Translations of the Bible in Geʽez, in a predecessor of the Geʽez script which did not possess vowels, were created between the 5th and 7th century, soon after the Christianization of Ethiopia in the 4th century. This took place in a period of time alongside which other canonical and liturgical texts were being translated into Geʽez, as is indicated by the Aksumite Collection.

The Garima Gospels are the oldest translation of the Bible in Geʽez and the world's earliest complete illustrated Christian manuscript. Monastic tradition holds that they were composed close to the year 500, a date supported by recent radiocarbon analysis; samples from Garima 2 proposed a date of c. 390–570, while counterpart dating of samples from Garima 1 proposed a date of c. 530–660. The Garima Gospels is also thought to be the oldest surviving Geʽez manuscript.

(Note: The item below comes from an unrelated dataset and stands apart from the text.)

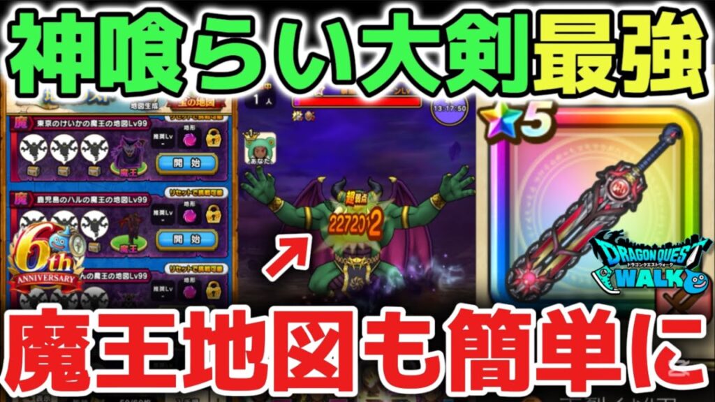 【ドラクエウォーク】神喰らい大剣の最強の使い方オススメです!魔王地図も簡単に攻略できるようになりました!【DQウォーク】

The milestones of the modern editions were the Roman edition of the New Testament in 1548 edited by Tasfa Seyon, which is the editio princeps, and the critical edition of the New Testament by Thomas P. Platt in 1830 (his edition of the Geʽez four Gospels was first published in 1826).

Biblical manuscripts in Geʽez existed until at least the late 17th century.

In 2009, the Ethiopian Catholic Church and the Ethiopian Orthodox Tewahedo Church associated themselves with the Bible Society of Ethiopia to produce a printed version of the Bible in Geʽez. The New Testament was released in 2017.